Posted Jun 17, 2008 at 1:42 PM | Permalink

I guess I need to download the 400 MB file – the information is obviously useful. Now that my cable is back and I am off dial-up, it falls within the realm of possibility.
Thor

Posted Jun 17, 2008 at 2:06 PM | Permalink

Some similar logfiles are found on the FTP site below. It looks like the values are from some kind of test run. Still, information can be decoded from the different log files. If you don’t want to download 400 MB, that is.
ftp://data.giss.nasa.gov/pub/gistemp/GISS_Obs_analysis/test/STEP2/test1/
Steve McIntyre

Posted Jun 17, 2008 at 6:36 PM | Permalink

The holding directory at ftp://data.giss.nasa.gov/pub/gistemp/ for GISTEMP working files was created for the first time on June 10, 2008, just after JOhn G initiated the present attention on June 8 http://www.climateaudit.org/?p=3169 . In the past, we’ve noticed NASA responding to CA posts – needless to say without linking here – and the present “coincidence” seems like another example.
Steve McIntyre

Posted Jun 19, 2008 at 7:08 AM | Permalink

Boy, it’s hard to reconcile GISS bilge. I’m getting fairly close to being able to do Wellington NZ and then something else pops up.

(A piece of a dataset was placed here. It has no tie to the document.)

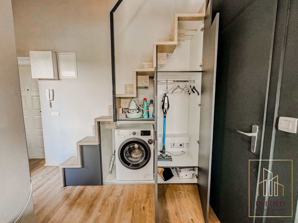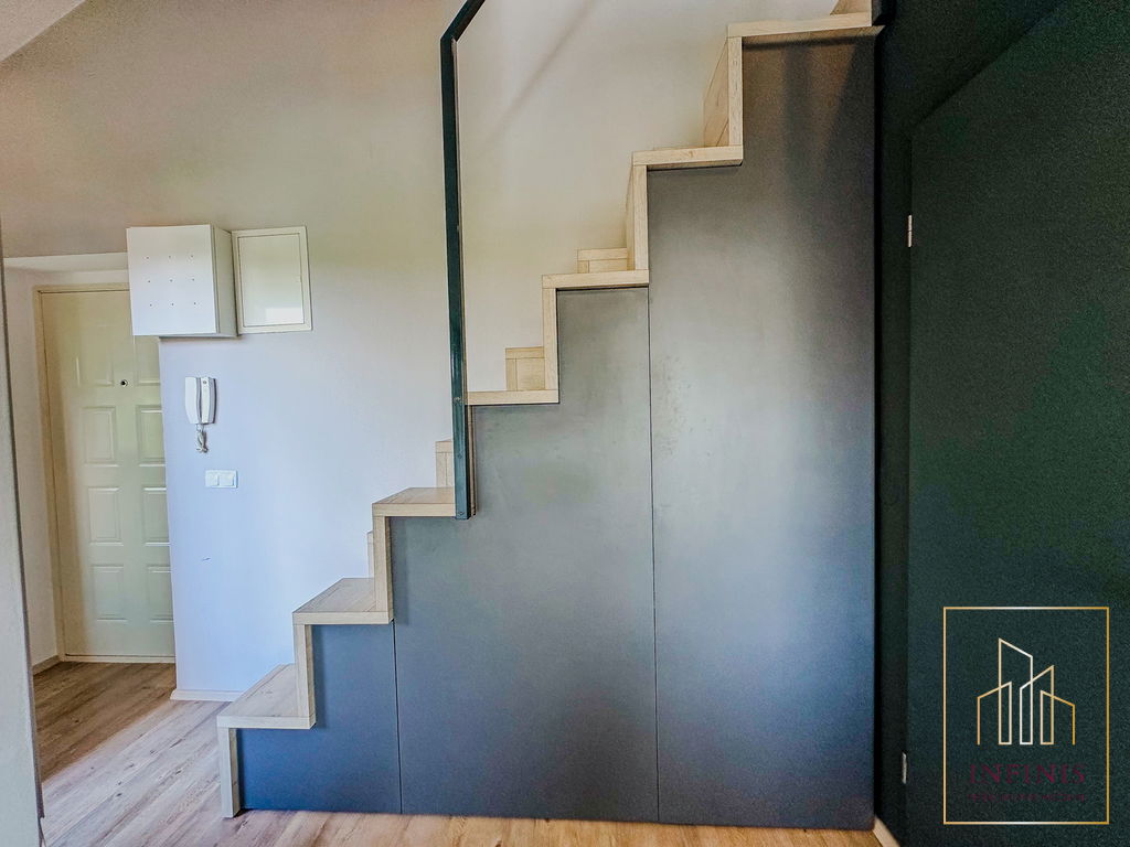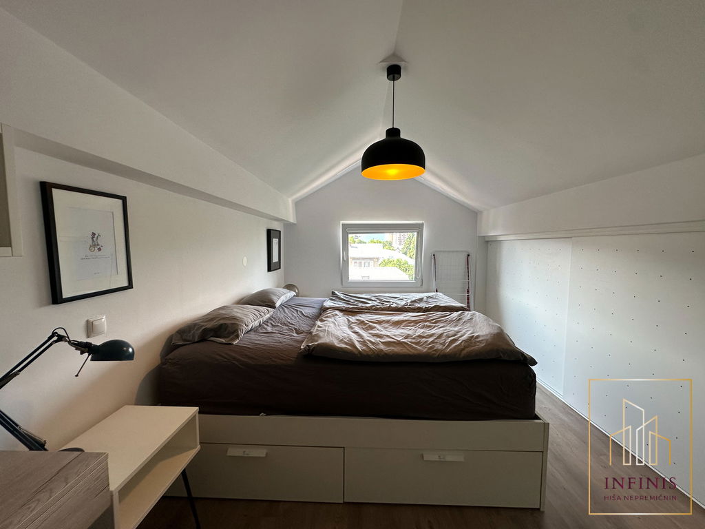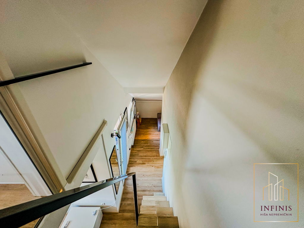Stanovanje obsega skupno 55.3 m2 neto površine in se nahaja v drugem nadstropju stavbe, zgrajene leta 1965. Tloris stanovanja vključuje predprostor, moderno in funkcionalno kuhinjo z vso belo tehniko, dnevno sobo z izhodom na balkon s prijetnim razgledom, spalnico, ki se nahaja v galeriji z pisalnim delom ter kopalnico. Stanovanje ima veliko vgradnih omar, kar omogoča optimalno izrabo prostora za shranjevanje. Vsa oprema narejena po meri!

Nicholas sent me a new tool to read one of Hansen’s annoying binary files
ftp://data.giss.nasa.gov/pub/gistemp/GISS_Obs_analysis/ARCHIVE/2008_05/binary_files/Ts.GHCN.CL.5

This is an annual anomaly calculation. I extracted Chatham Island which is used in the Wellington NZ calculation and compared it to the annual anomaly (Hansen style) that I had calculated from the GISS dset1 version that I scraped in Feb 2008. Most values were identical, with some being 0.1 different presumably due to mysteries of Hansen rounding.

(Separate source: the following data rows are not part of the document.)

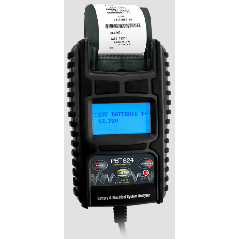 The PROFESSIONAL ELECTRONIC BATTERY TESTER PBT 824 is an advanced diagnostic tool designed to provide ultra-precise measurements and quick results on the vehicle's battery status. This tester is ideal for automotive professionals who need a reliable and precise tool for battery diagnostics.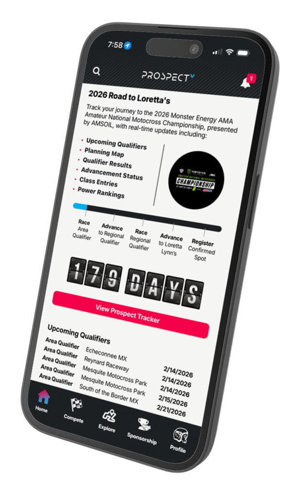 The road to the 2026 Monster Energy AMA Amateur National Motocross Championship at Loretta Lynn’s begins next weekend with Area Qualifiers kicking off and now you can track your road to the ranch like never before. The Road to Loretta’s Tracker is now LIVE on the Vurbmoto Prospect app and includes: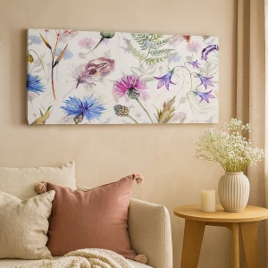 Canvastavla - Bild på duk - Akvarellblommor och örter på en vit bakgrund i herbariumstil - 70x50cm - Polska örter - Modern väggdekoration för vardagsrum och sovrum ARTTOR

But there were (and are) some puzzling differences. The binary version has values for 1880, while the Feb 2008 version commenced in 1881. I re-downloaded the current dset1 version and it also started only in 1881. Where did the 1880 values appear from? Who knows? This is NASA.

The only other differences were in 1989, where the differences were as much as 3 deg C! I re-downloaded the current dset0 version and compared it to the versions scraped a few months ago and compared the dset0 versions (there were 7 of them.) dset0 series 1-5 for Chatham Island were file identical. dset0 series 6 had a few more months of data in 2008 and added some months that were previously NA in 2007, but otherwise was file-identical.

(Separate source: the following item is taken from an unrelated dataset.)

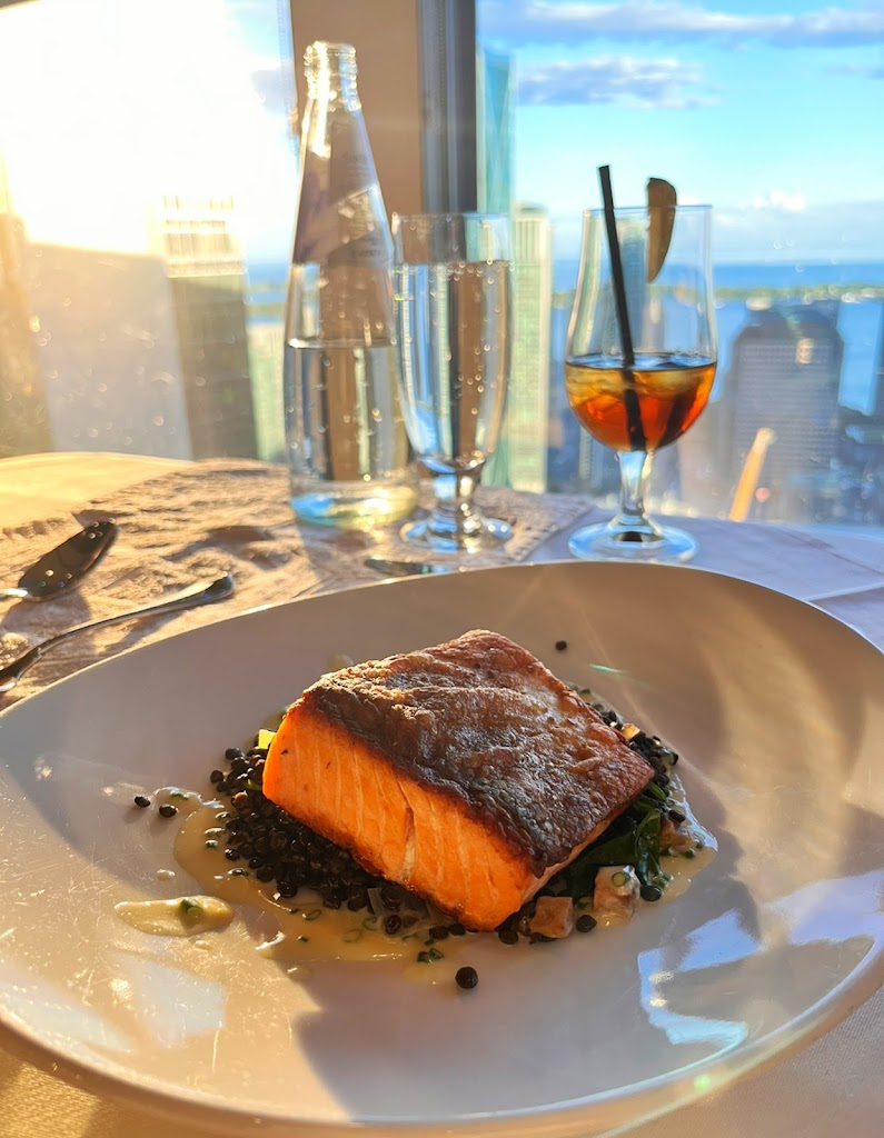 Came here for a group event and want to first point out the atmosphere, view, and services were exceptional. Beautiful city view especially during the sunset and evening. The food, however, was a bit more on the mediocre side. The salad and salmon lacked the flavors I was expecting. The braised short rib, though, was really good. At the start, it was a bit on the bland side, but with a little bit of salt the flavor were significantly elevated. The texture was amazing that it simply melts in your mouth. It was definitely the highlight dish of the evening. The crème brûlée was rather sour, but quickly acquired to be rather tasty. We had an open bar which was great, but the alcohol felt diluted. Overall, great experience and still a wonderful restaurant.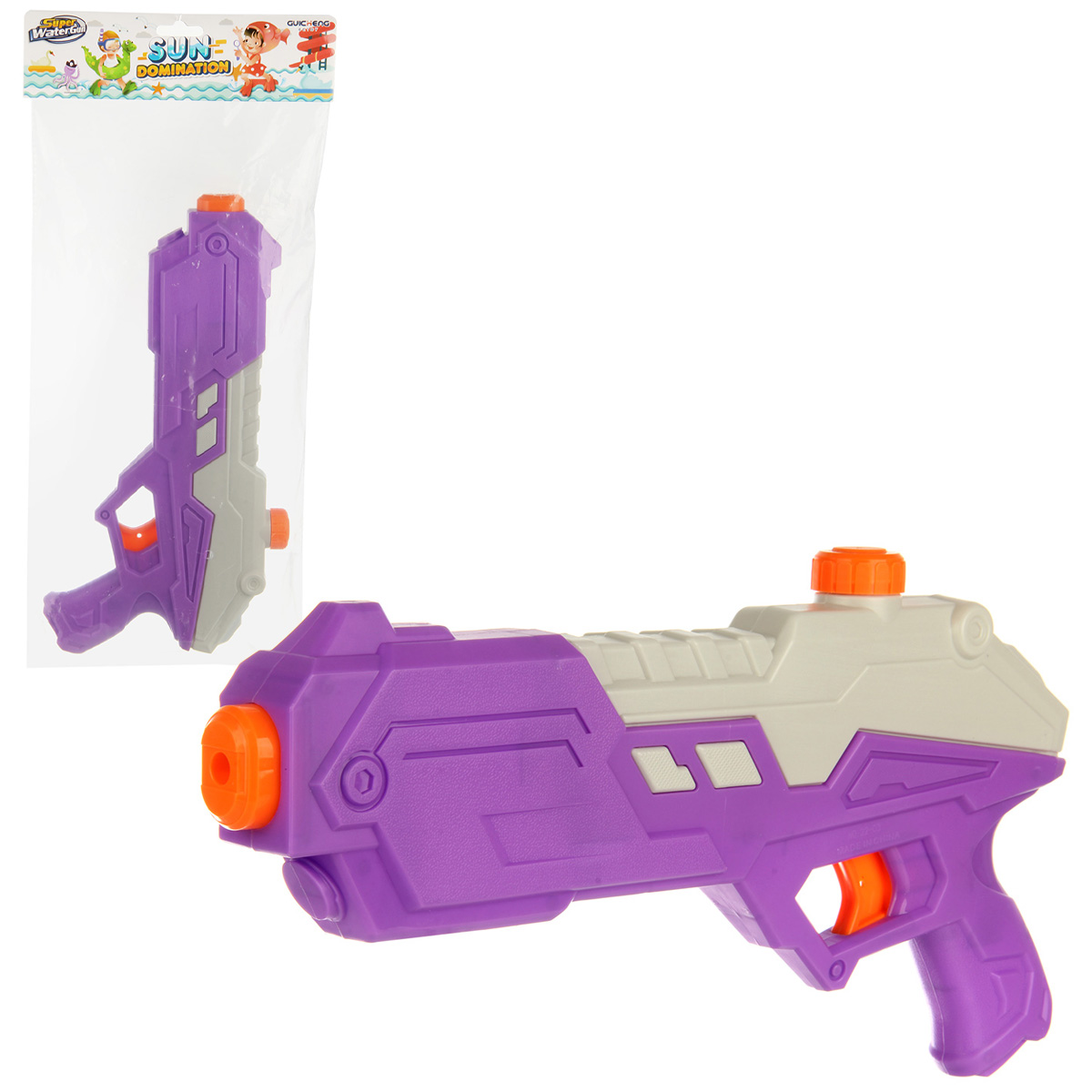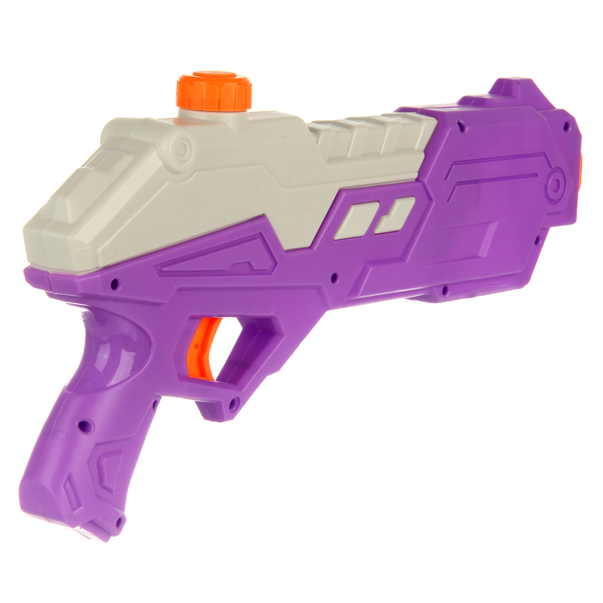 Игрушечный водный пистолет замечательно дополнят активные летние игры. Изготовлен из прочного и долговечного материала. Оформлен в стилизованном дизайне и яркой расцветке. Откручиваем крышечку в верхней части корпуса оружия. Заливаем внутрь воду, закручиваем крышечку. Нажимаем на копку под дулом, игрушка выстрелит водой. Водяной пистолет стреляет водой, а не твердыми предметами, безопасно. С такой игрушкой ребёнок в игровой форме будет развивать мелкую моторику, координацию движений, зрительное восприятие. Обладает легким весом, игрушку удобно брать с собой на прогулку, на дачу, на море. Водное оружие станет замечательным подарком детям, мальчику, девочке, на новый год, день рождения и на любой другой повод. Изготовлено из качественного полимера. Объем резервуара для воды 350 мл. Дальность выстрела от 5 до 7 метров. Размер игрушечного оружия 34х4х19 см. Размер упаковки 22х45 см.

But there was a difference in version 7 as shown below.

Here are the values from the Feb 2008 version (as I scraped it).

87 1987 15.8 15.2 14.2 12.5 10.9 8.8 7.3 8.9 8.4 10.5 12.3 14.0 15.1 12.5 8.3 10.4 11.60
88 1988 1.0 16.6 1.0 11.5 NA 9.1 8.7 NA NA 1.0 11.7 13.7 10.5 5.3 8.9 5.8 7.64
89 1989 1.0 1.0 14.1 12.1 1.0 NA NA 9.2 NA 1.0 1.0 13.1 5.2 9.1 NA 0.5 3.95
90 1990 14.4 15.0 14.7 12.1 11.3 9.7 7.9 9.0 8.9 10.9 12.9 14.1 14.2 12.7 8.9 10.9 11.66

Here are the values from the June 2008 version (as I scraped it).

87 1987 15.8 15.2 14.2 12.5 10.9 8.8 7.3 8.9 8.4 10.5 12.3 14.0 15.0 12.5 8.3 10.4 11.58
88 1988 14.1 16.6 14.5 11.5 11.0 9.1 8.7 8.3 9.7 11.3 11.7 13.7 14.9 12.3 8.7 10.9 11.71
89 1989 16.3 15.2 14.1 12.1 11.2 9.5 7.4 9.2 9.1 11.7 13.3 13.1 15.1 12.5 8.7 11.4 11.90
90 1990 14.4 15.0 14.7 12.1 11.3 9.7 7.9 9.0 8.9 10.9 12.9 14.1 14.2 12.7 8.9 10.9 11.66

So they’ve obviously located a transcription error in this version and corrected it between Feb 2008 and June 2008 either at the GHCN stage or GISS stage. Fair enough. But this error has been corrected nearly 20 years after the collection of the data and only after Climate Audit commenced examination of this particular calculation. Needless to say, they didn’t issue an error notice nor advise us of the change.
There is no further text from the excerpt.